PORTLAND, Ore. (KOIN) – Portland Mayor Ted Wheeler proposed allocating a $27 million “down payment” to build six designated camping sites during Thursday’s City Council Fall Budget Meeting work session, the mayor’s office announced.
During the City Council work session, Wheeler said “on November 3, council passed five resolutions that will save lives and livelihoods for all Portlanders housed and unhoused. This budget proposal allocates approximately $30 million to the commitments made within those resolutions.”
“Last week, we approved policies to create six designated camping sites and phase-in a citywide ban on unsanctioned camping; this week I am proposing an immediate $27 million City budget down payment to help build six Designated Camping Sites and related priorities,” Wheeler said in a statement. “This $27 million is a great start, and shows we are serious about quick implementation of our affordable housing and houselessness goals, but for the houselessness needs, it’s about half of the total we will need – we still need resources from our Multnomah County, Metro and State of Oregon partners.”

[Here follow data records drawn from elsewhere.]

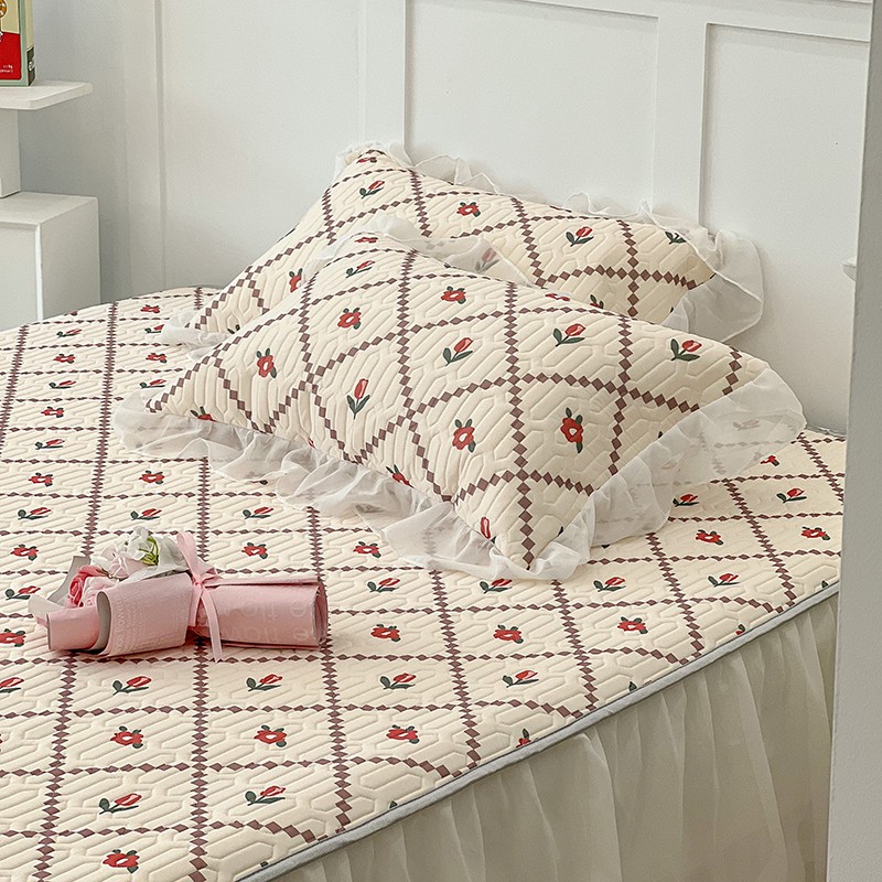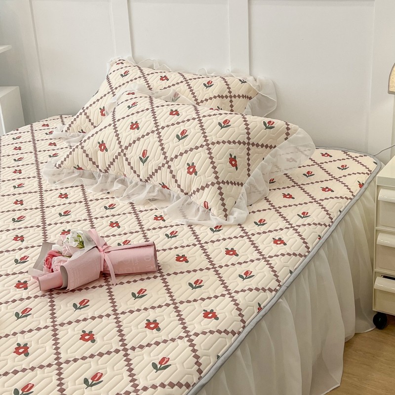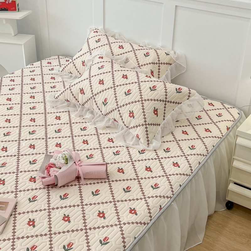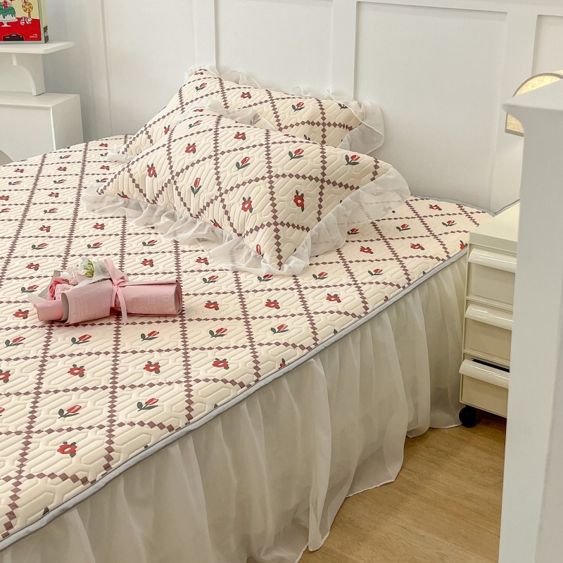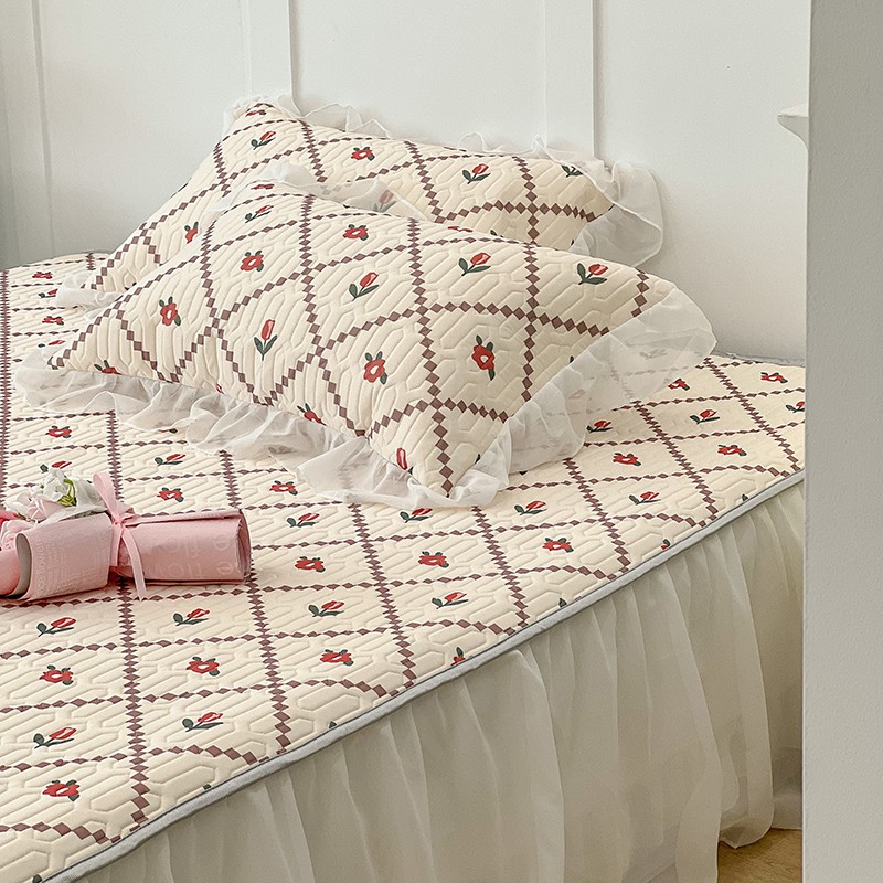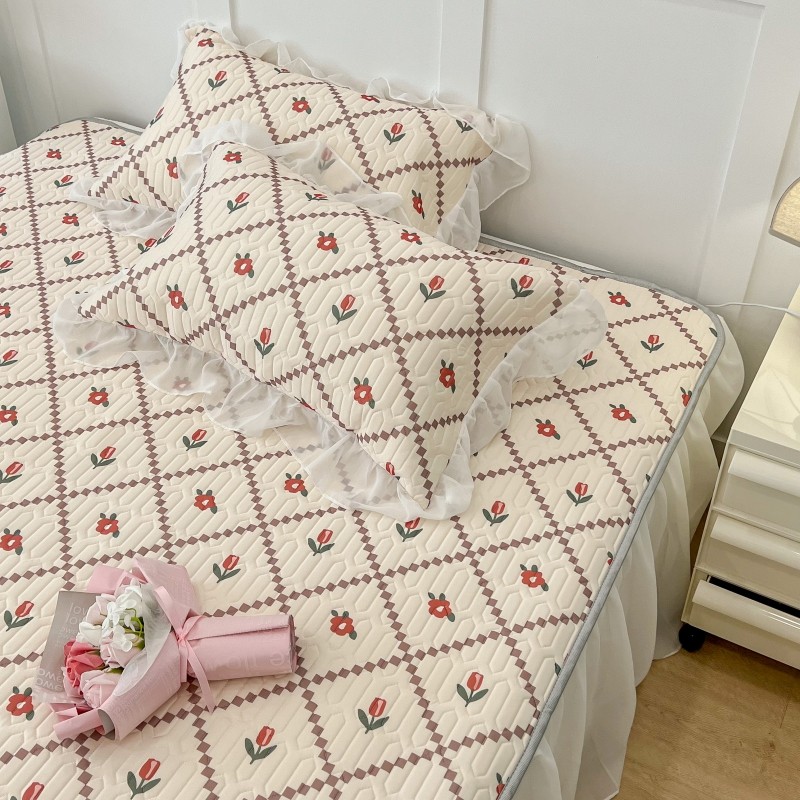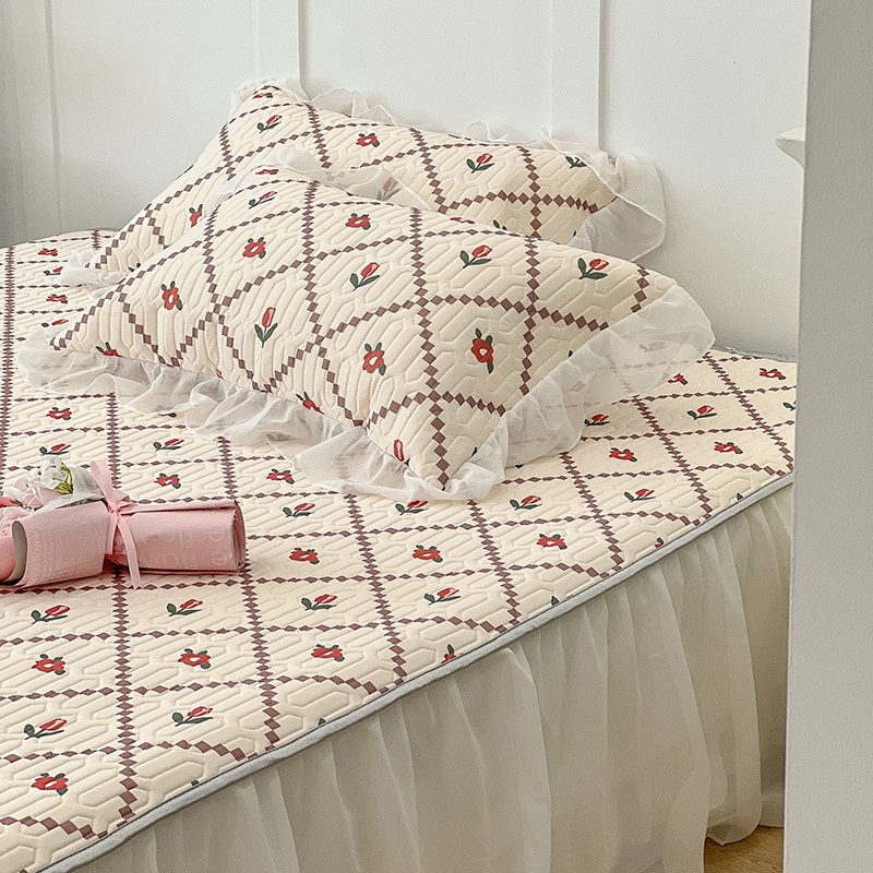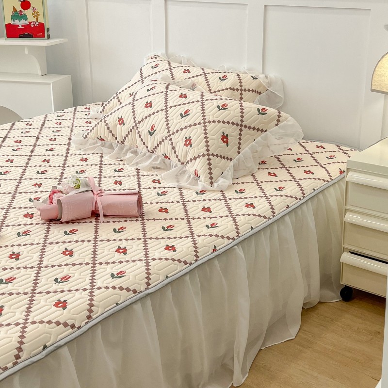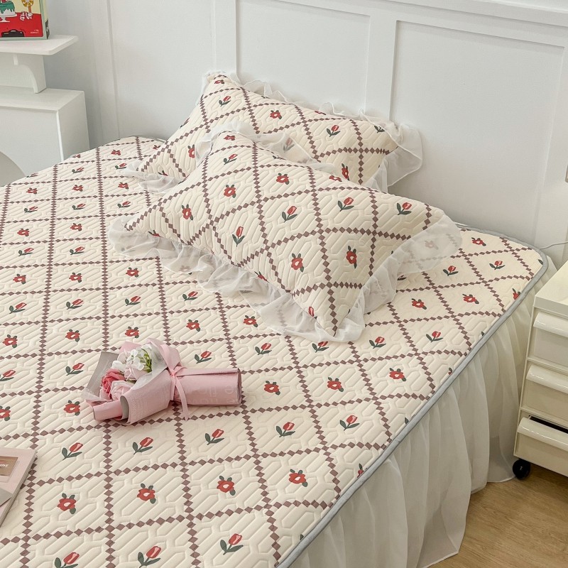 商品名称:昔可 2022新款ins风小清新床裙款乳胶凉席三件套 床裙款-菱形小花红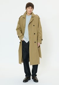 Bézs dupla soros ballonkabát fekete gombokkal, vállpántokkal és térdig érő szabással. Világoskék pulóver fölött viselve.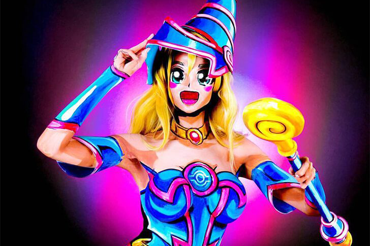 Diese Darstellung der Dark Magician Girl stammt von Kay Pike. Die Figur aus dem Anime “Yu-Gi-Oh!” verfügt über Zauberkünste und kommuniziert telepathisch. Pike vereint in ihrer Inszenierung die charakteristischen Elemente der Figur: schwarze Roben, glitzernde Details und ein Magierschwert.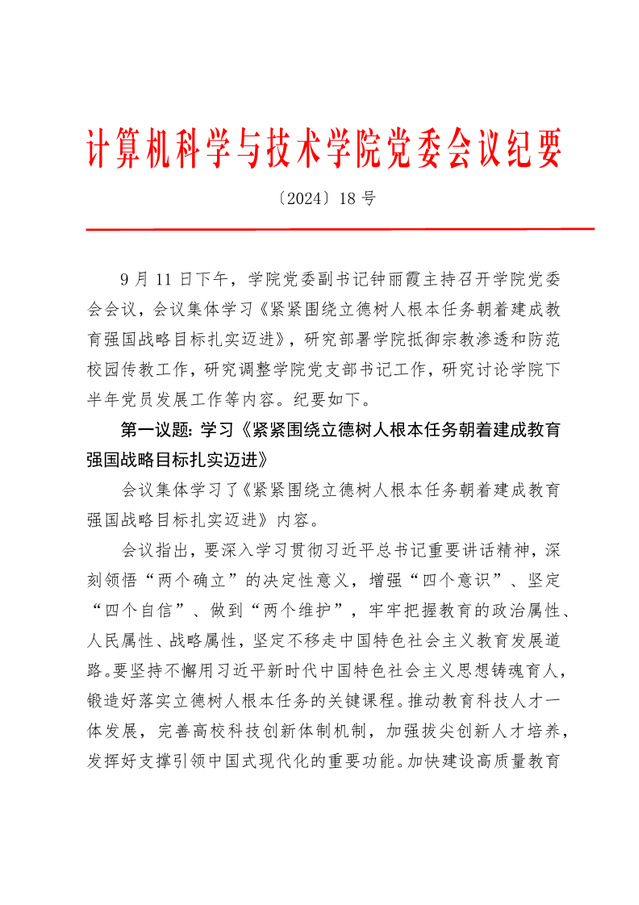 党委会议纪要 〔2024〕18号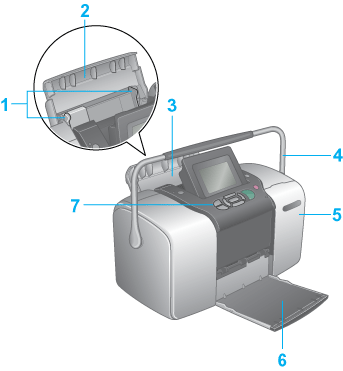 1. Guide laterali: Aiutano a caricare la carta in modo corretto. Regolare la guida laterale sinistra in base alla larghezza della carta.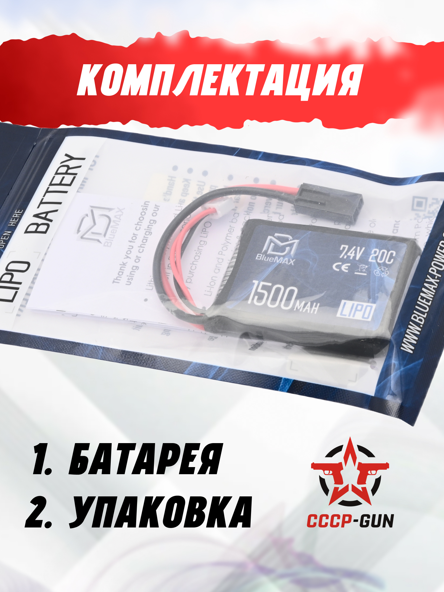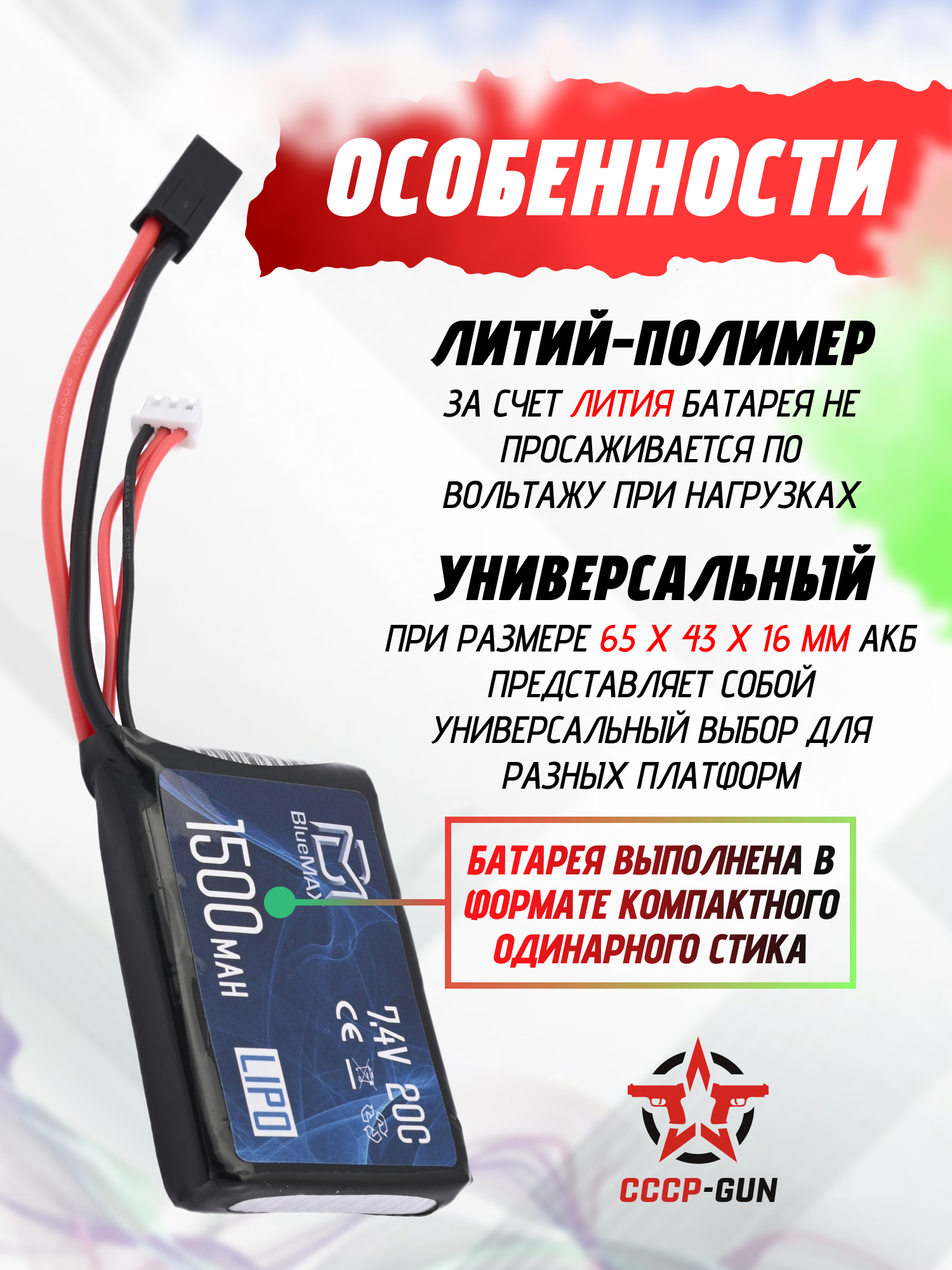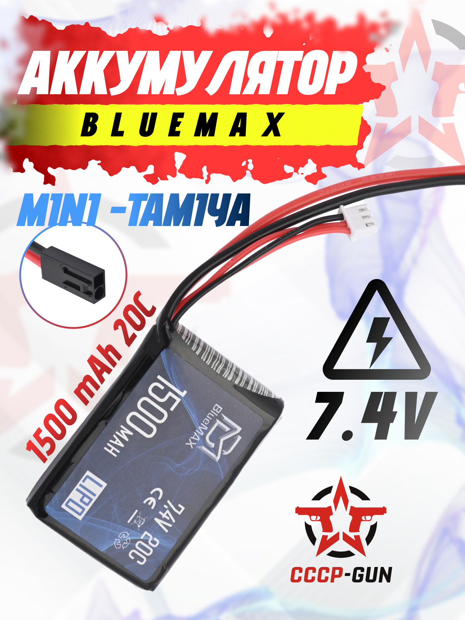 Аккумулятор BlueMax Li-Po 7.4V 1200mah 20C Stick (13.3x21x128 мм, G36, М-серия, Мини-Тамия)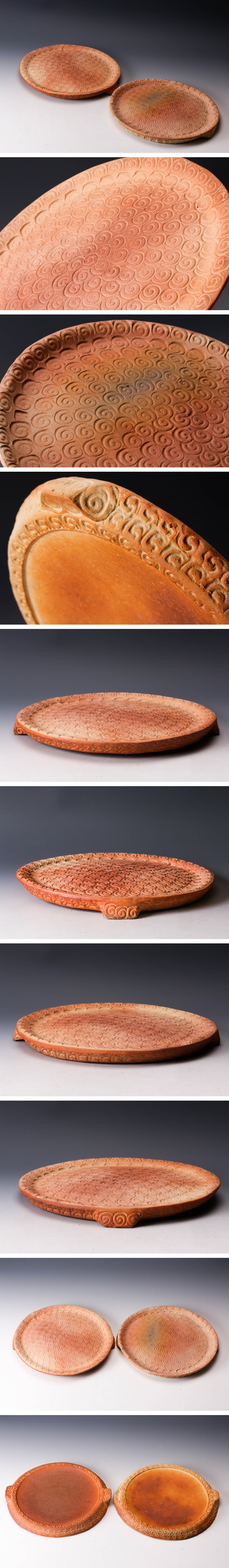 【佳香】坂田甚内 幅26cm 焼締皿 二客 本物保証

Wheeler added “it’s no surprise that this work requires a considerable amount of funding. I will continue to ask our federal partners, our governor elect, leaders within the Metro regional government, and the incoming Multnomah County chair to partner with us and to provide the services and resources needed to do the hard work ahead of us.”
According to the mayor’s office, $3.5 million of the $27 million will go towards a 50-person city-employee Navigation Team “to increase connection with individuals experiencing homelessness and available services.”
Additionally, Wheeler proposed $4,188,600 for three designated camping sites including site preparation and construction costs and $12,845,750 for operational costs for three camping sites for one year, which would also include staff salaries, according to the mayor’s office.
The mayor also proposed $750,000 for private security contracts “for surrounding neighborhoods and business districts of designated camping locations.” The mayor also proposed allocating $1,500,000 to expand staffing for the City Incident Command team along with $3,891,164 for the Impact Reduction Program.
No votes were cast on Thursday’s proposal, but it has received some criticism from Commissioner Hardesty who claimed her office had only been notified of the changes two days ago.
Hardesty stated “it’s unfortunate that it seems to be just on a fast track for passage. I know I won’t be here next year. But that doesn’t mean I don’t care about how we end this budget cycle.”